Sorry, yes. Absolutely convergent sums do behave exactly as you’d expect normal sums to. You can multiply them together, rearrange terms as you please and add brackets wherever you want (actually you can add brackets wherever you want in any infinite sum I think, but I’ll need to check that). Can’t think of any other properties you might want from a normal sum, but those are the ones that immediately come to mind.
A nitpick - your sum converges to pi^2, not pi. A better example would be Pi = 2 (1 - 1/(23) + 1/(45) - … + (-1/2)^(n-1) / (2n+1) + … . This is absolutely convergent by something called the comparison test (if you’re feeling mathematically inclined, try proving that it’s absolutely convergent - my previous post contains all the information you need). It doesn’t really matter for your argument 'though.
There’s an entirely different problem with your argument.
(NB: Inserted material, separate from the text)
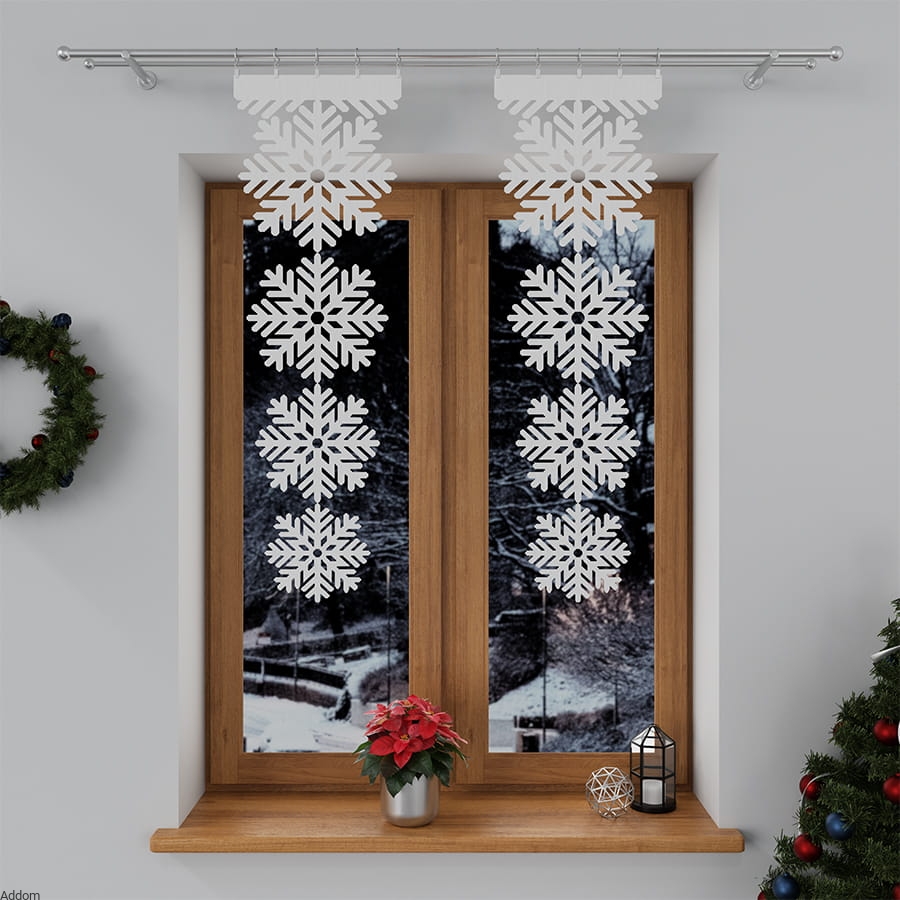 Wąskie, sztywne zawieszki wykonane jako panele żakardowe, wyglądające niczym wycinanka, w formie złączonych z sobą płatków śniegu. Śnieżynki żakardowe wychodzą od poziomej zawieszki, służącej do wczepiania ją w żabki, można im jednak doszyć rzep lub tunel. Wyglądają pięknie same w sobie, jako samodzielna dekoracja zimowa, mogą też dekorować okna razem z firanami, roletami i zasłonami, podkreślając zimowy charakter dekoracji. Krótsze zawieszki mają 4 śnieżynki, dłuższe 5 płatków śniegu. Można je samodzielnie skracać, odcinając śnieżynki, a odcięta śnieżynka może być niezależną serwetką na stół. Posiadamy też bieżniki w formie śnieżek.

If we agree god cannot change 1 + 1 = 2, it doesn’t neccesarily imply that god cannot change pi as you’re also assuming that god cannot change ‘absolutely convergent sums behave like finite sums’. I can easily define systems in which absolute convergence does not imply convergence. e.g. If we consider only the rational numbers (numbers which can be written as m/n where m and n are integers). Consider the sum of:
-1 + 1/2 + 1/4 -1/8 + …
Where the sign is negative if the place of a term is a perfect square, positive otherwise. This is absolutely convergent in the rationals (the sum of the absolute values converges to 2) but is not convergent (it can’t have a terminating binary expansion). Surely something that is so sensitive to what system we’re working in is open to change?
Ultrafilter, I wonder if one of us is misunderstanding the other.
I’m not suggesting a reality in which Pi-the-circle-ratio lacks SOME infinite series which sums to it; rather, I’m asking you to consider the case in which Pi-the-circle-ratio can no longer be derived by any of the specific infinite series summations that now apply to “our” Pi. Basically: which is more important in identifying some something as Pi–that it be the ratio of diameter-to-circumference of a circle, OR that it be the resultant of one or all of the infinite summing procedures that (in this reality) correspond to the first clause?
Historically, the circle is the important one. Whatever the ratio of the circumference to the diameter is, that’s [symbol]p[/symbol]. If things were different, so that the current series didn’t sum to that…well, there would be other series that summed to it, and we’d be wondering exactly the same thing.
It’s a little bit like calling the same person Bob and Robert. Just different names, y’know?
Did you notice my .5 exponent at the end of the formula?
I don’t understand what a terminating binary expansion has to do with convergence, but I’ll take your word for it. I don’t remember enough mathematics to argue the point.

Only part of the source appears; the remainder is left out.